Shirley Strachan with Skyhooks in a 1977 concert in Melbourne.

Shirley Strachan with Skyhooks in a 1977 concert in Melbourne.



People have long wondered what stories might come to light if the walls of Michael Gudinski's office had ears, and if those ears would give up their secrets. Soon, thanks to an exhibition slated to open at the RMIT Gallery, we may finally get close to knowing.


The exhibition, Music, Melbourne + Me: 40 years of Mushroom and Melbourne's Music Culture, will include a reconstruction of the Mushroom Group founder's office as one of its key exhibits, complete with selected items of documentation, including, perhaps, the ledger entry showing a payment due to AC/DC being reduced from $250 to $150 for reasons unknown, or at least obscured by the mists of time and/or substance-induced memory loss.


''If we can get [the display] to evoke the times I've had in that office it will really show a hell of a lot more than just business,'' Gudinski said at the launch of the exhibition on Tuesday.


RMIT chief curator Suzanne Davies, Gudinski and Dr Kipps Horn.

RMIT chief curator Suzanne Davies, Gudinski and Dr Kipps Horn. Photo: Penny Stephens



It would, he said, also reveal ''a lot of heart and soul, and the greatness of the people who've worked with me''. What else it might show is best left to the imagination, perhaps, or some yet-to-be-published rock'n'roll memoir.


There is more to Melbourne's music scene than Mushroom, of course, as curator Dr Kipps Horn pointed out. But there's no denying the role played by Gudinski's empire (which was in fact founded in 1972, making this technically Getting on for 42 years of Mushroom).


The exhibition will include a booth in which to record your own memories and a jukebox stocked with the 40 songs chosen by Melburnians as most loved. ''We want to invite the audience to contribute to the sense of Melbourne being an incredibly vibrant centre of music-making in Australia and the world, and Mushroom of course is a very, very significant part of that,'' Horn said.


Jimmy Barnes and Michael Gudinski taken in the 1990s.

Jimmy Barnes and Michael Gudinski in the 1990s. Photo: Unknown via Aperture



There will be posters, props and costumes, and even occasional live performances. But, insisted Gudinski, it would not be simply a collection of artefacts. ''I'd been approached before but I needed it to be something much more than a memorabilia exhibition,'' he said.


He said the exhibition came as a great honour, but submitting to academic rigour doesn't come easy for an old rock dog, it seems.

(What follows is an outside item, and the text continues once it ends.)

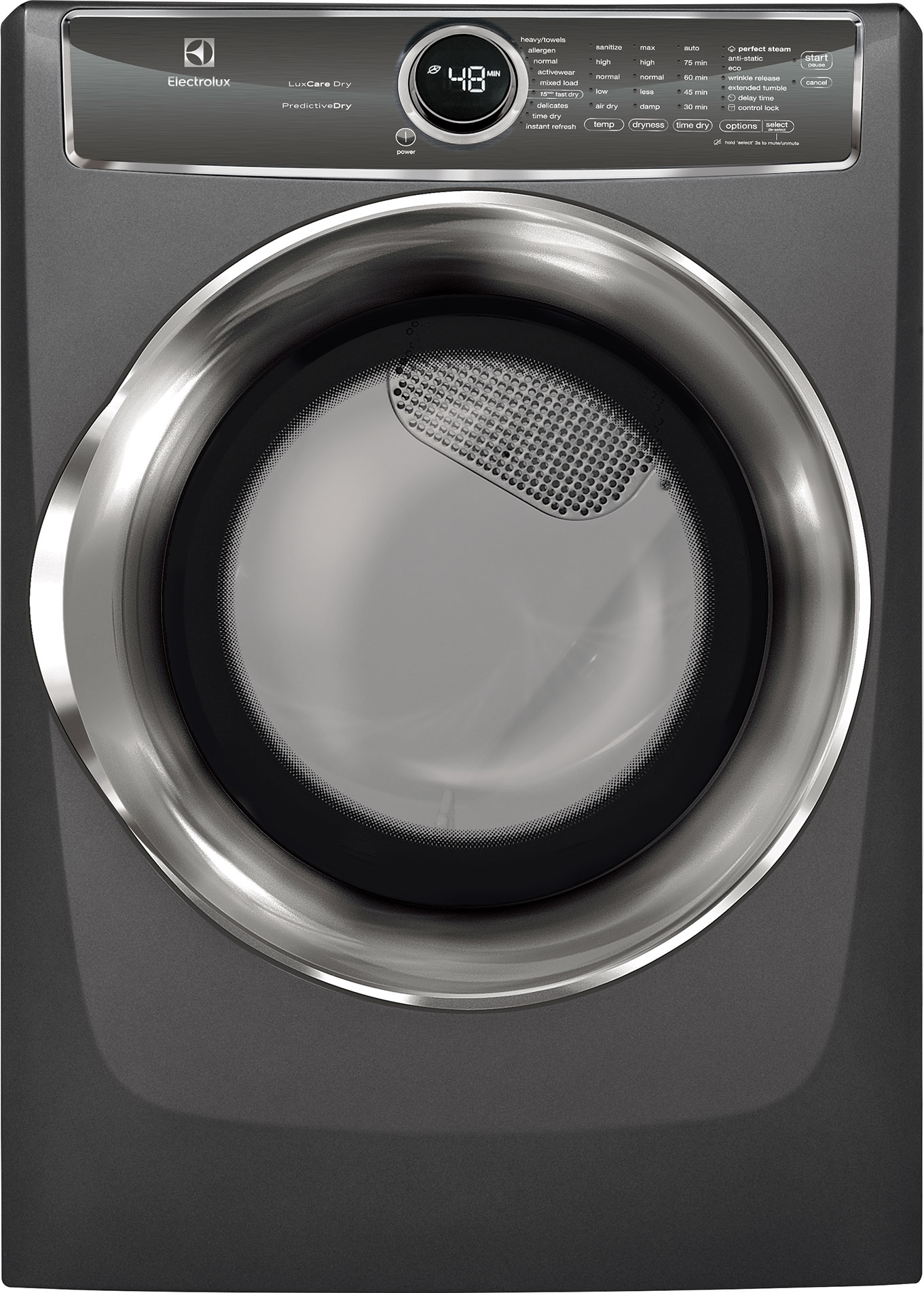 The Electrolux Perfect Steam electric dryer with Predictive Dry has a more precise sensor to protect fabrics from overdrying. Remove wrinkles and quickly refresh items with steam in 10 minutes with Instant Refresh cycle. Quickly dry the items you need most with the 15-Minute Fast Dry.Read More

''We're on a wild ride with Mushroom,'' said gallery director and co-curator Suzanne Davies. ''Different cultures, similar energy, singular focus. It's going to be great.''


Paul Kelly and Michael Gudinski.

Paul Kelly and Michael Gudinski.



Music, Melbourne + Me: 40 Years of Mushroom and Melbourne's Music Culture will be at RMIT Gallery, 344 Swanston Street, Melbourne, from November 19, 2013, to March 3, 2014.